Extract every entry word for word. Skip the pictures.

SOURCE DATA: Begin

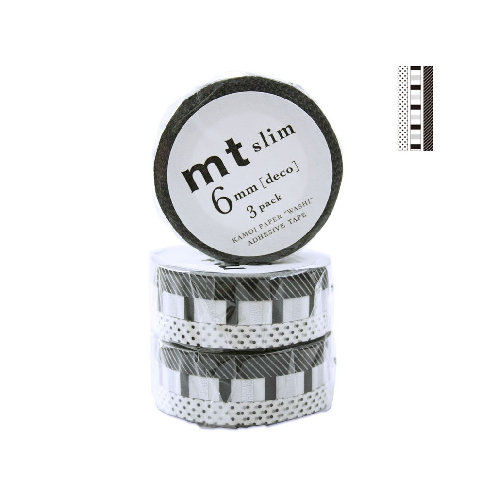 Sada 3 úzkých washi pásek sv černobílé barvě.
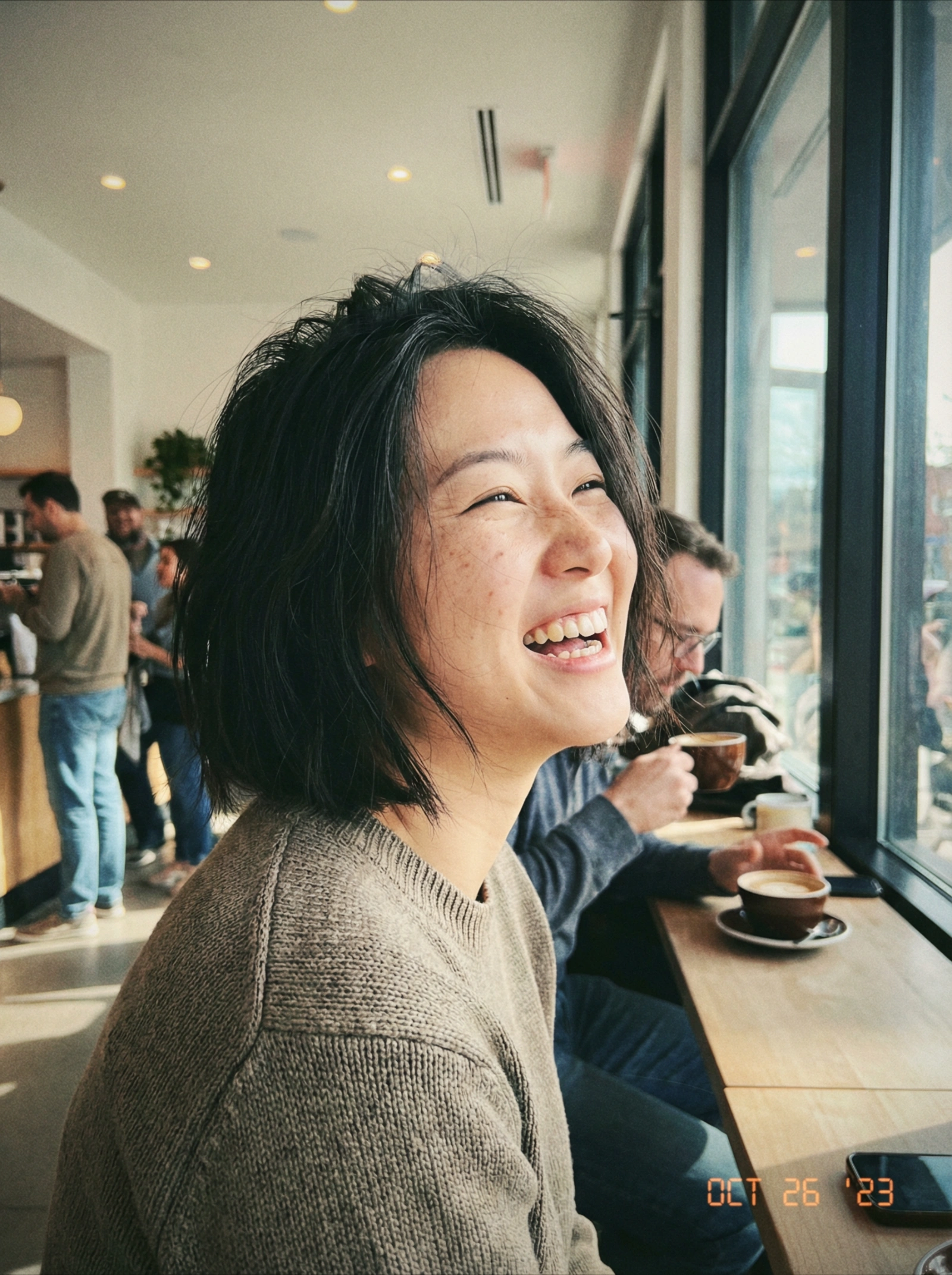A raw, candid 35mm film photograph of a young East Asian woman laughing while sitting by a large window in a bustling cafe. Natural daylight hits her side-on, showing genuine skin texture, pores, and faint freckles. Her hair is a slightly messy, dark bob. She is not looking at the camera, eyes crinkled in a genuine smile showing teeth. Shot on Kodak Portra 400 film, with visible grain and organic colors. The focus is sharp on her face, but the background people are blurry. No heavy retouching, authentic documentary style.
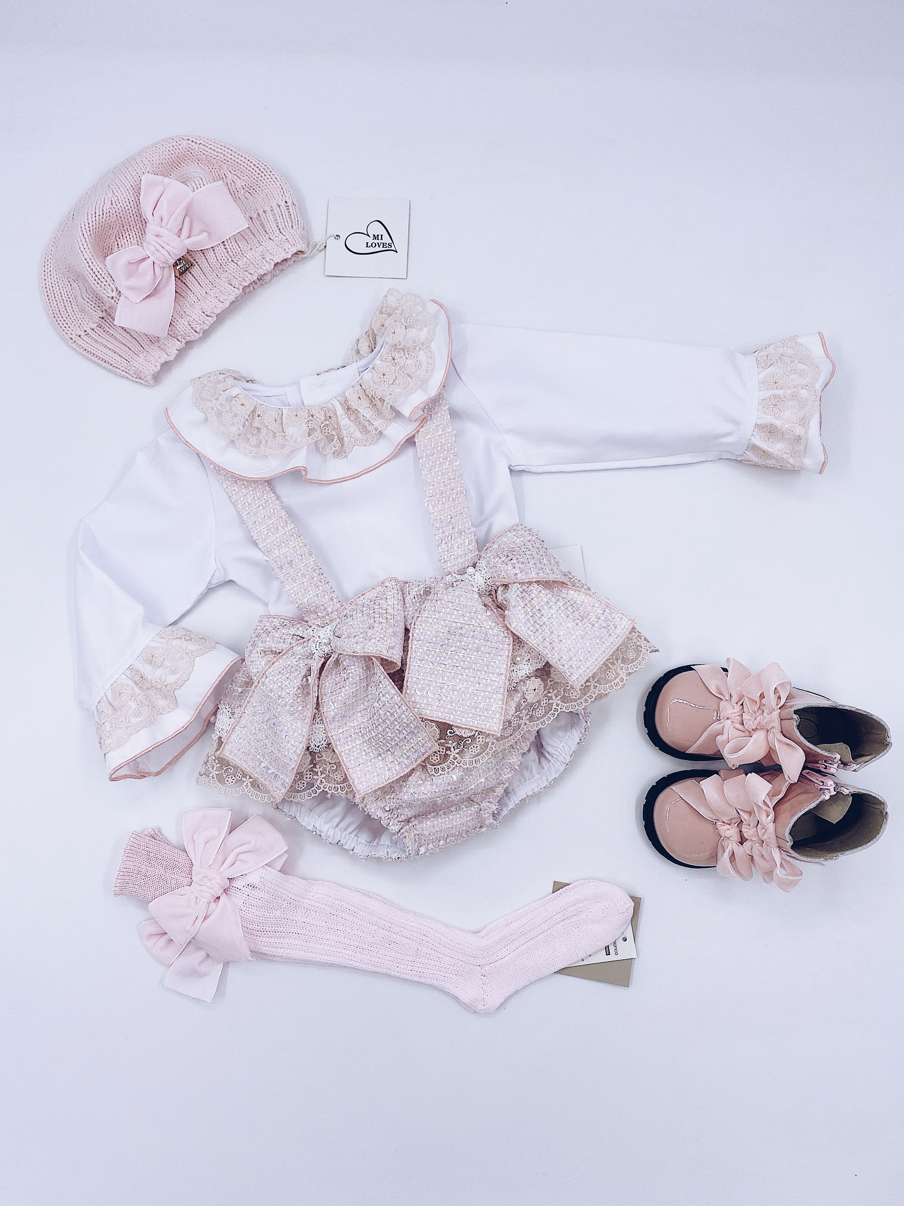 Beautiful knitted bunny romper and blouse 2 piece set
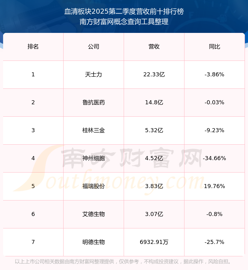 按照南方財富網(wǎng)概念查詢工具統(tǒng)計,該股所屬板塊為血清板塊,該板塊共有7只股票,賽倫生物2025第二季度營收在該板塊中排名為第7名,該板塊2025第二季度營收排名前十的股票如下表:
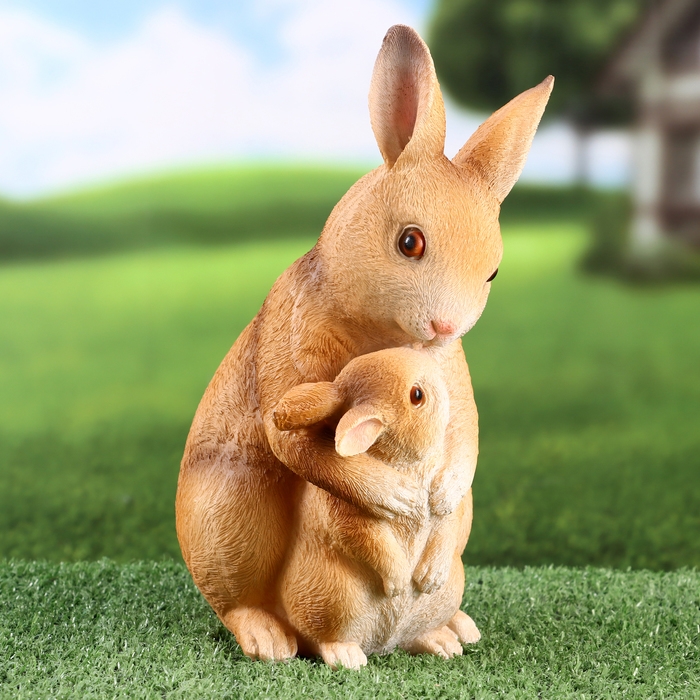 Садовая фигура "Зайчиха с зайчонком" 13х12х25см
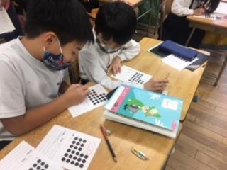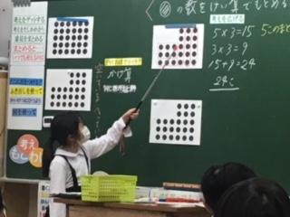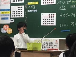 自分で考えた数の求め方は、図を使ってペアで友達に上手に説明をしたり、前に出て発表したりしていました。
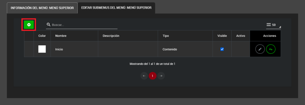 Ahora que has seleccionado la ubicación de tu menú, es hora de crear uno nuevo. Para hacerlo, haz clic en el botón verde que se encuentra en la parte superior izquierda de la tabla de menús. Este botón abrirá un formulario donde podrás definir la configuración básica de tu menú.

SOURCE DATA: End

■ RESPONSE:
 Sada 3 úzkých washi pásek sv černobílé barvě.
A raw, candid 35mm film photograph of a young East Asian woman laughing while sitting by a large window in a bustling cafe. Natural daylight hits her side-on, showing genuine skin texture, pores, and faint freckles. Her hair is a slightly messy, dark bob. She is not looking at the camera, eyes crinkled in a genuine smile showing teeth. Shot on Kodak Portra 400 film, with visible grain and organic colors. The focus is sharp on her face, but the background people are blurry. No heavy retouching, authentic documentary style.
 Beautiful knitted bunny romper and blouse 2 piece set
 按照南方財富網(wǎng)概念查詢工具統(tǒng)計,該股所屬板塊為血清板塊,該板塊共有7只股票,賽倫生物2025第二季度營收在該板塊中排名為第7名,該板塊2025第二季度營收排名前十的股票如下表:
 Садовая фигура "Зайчиха с зайчонком" 13х12х25см
 自分で考えた数の求め方は、図を使ってペアで友達に上手に説明をしたり、前に出て発表したりしていました。
 Ahora que has seleccionado la ubicación de tu menú, es hora de crear uno nuevo. Para hacerlo, haz clic en el botón verde que se encuentra en la parte superior izquierda de la tabla de menús. Este botón abrirá un formulario donde podrás definir la configuración básica de tu menú.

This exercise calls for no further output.